**What to do:** For this exercise, copy exactly the lines below from the one with "Red – 2pc Pure" through the one with "06 июля 2018" and leave out the pictures.
** Exercise input follows **
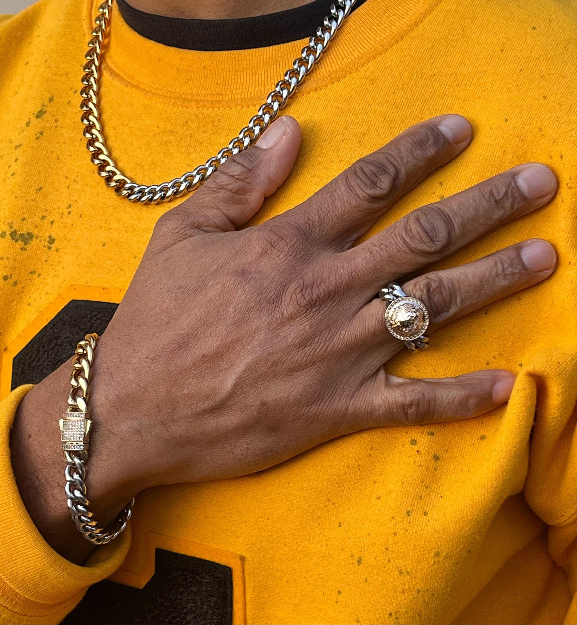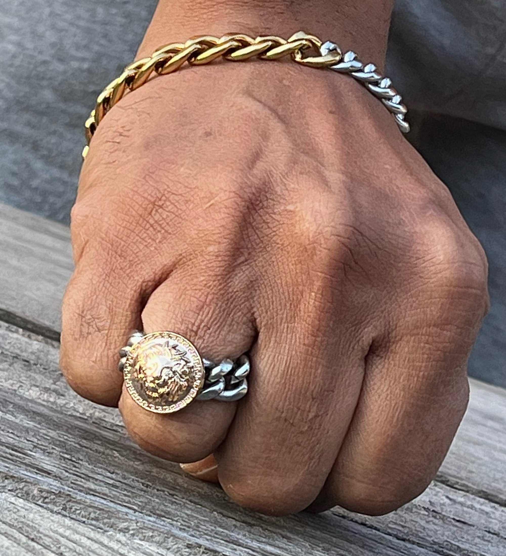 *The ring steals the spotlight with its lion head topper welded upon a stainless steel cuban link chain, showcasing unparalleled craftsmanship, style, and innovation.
** End of Exercise input **
** Exercise input follows **
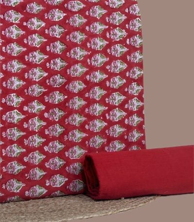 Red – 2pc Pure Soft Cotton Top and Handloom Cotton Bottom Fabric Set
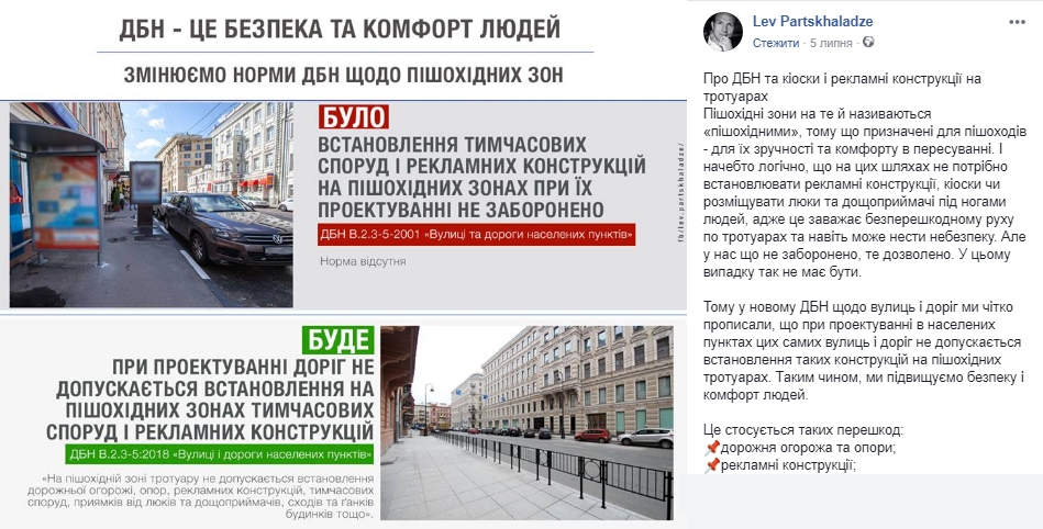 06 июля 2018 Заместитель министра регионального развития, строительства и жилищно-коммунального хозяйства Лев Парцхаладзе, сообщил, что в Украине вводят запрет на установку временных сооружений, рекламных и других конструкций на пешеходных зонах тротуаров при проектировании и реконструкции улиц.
** End of Exercise input **
** Exercise input follows **
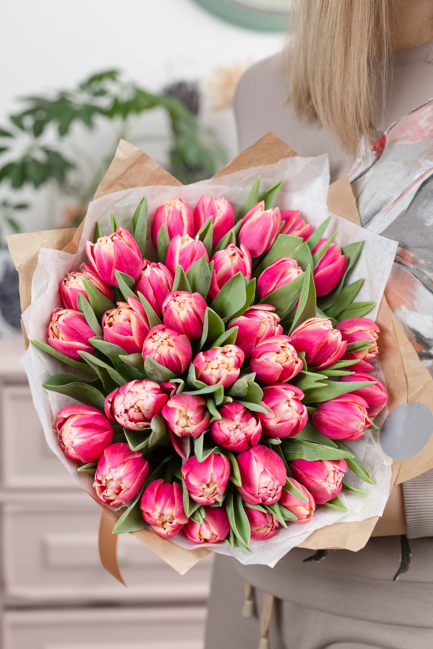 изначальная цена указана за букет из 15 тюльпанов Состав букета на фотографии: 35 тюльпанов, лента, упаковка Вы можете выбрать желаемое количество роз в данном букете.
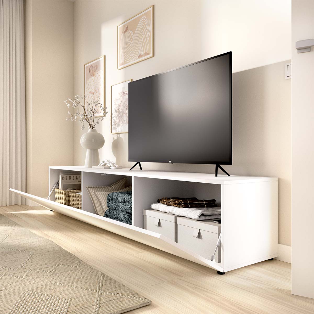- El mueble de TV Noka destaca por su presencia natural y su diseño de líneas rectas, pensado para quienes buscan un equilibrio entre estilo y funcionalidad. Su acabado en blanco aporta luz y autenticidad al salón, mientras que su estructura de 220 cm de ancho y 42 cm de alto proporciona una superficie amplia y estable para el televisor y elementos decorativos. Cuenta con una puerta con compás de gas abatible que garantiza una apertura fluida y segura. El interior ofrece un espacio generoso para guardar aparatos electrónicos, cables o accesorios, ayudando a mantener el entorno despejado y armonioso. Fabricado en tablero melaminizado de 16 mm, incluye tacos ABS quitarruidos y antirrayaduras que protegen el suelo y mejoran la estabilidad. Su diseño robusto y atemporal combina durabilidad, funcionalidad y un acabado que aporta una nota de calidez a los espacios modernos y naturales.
** End of Exercise input **
**Output below:**
 Red – 2pc Pure Soft Cotton Top and Handloom Cotton Bottom Fabric Set
 06 июля 2018 Заместитель министра регионального развития, строительства и жилищно-коммунального хозяйства Лев Парцхаладзе, сообщил, что в Украине вводят запрет на установку временных сооружений, рекламных и других конструкций на пешеходных зонах тротуаров при проектировании и реконструкции улиц.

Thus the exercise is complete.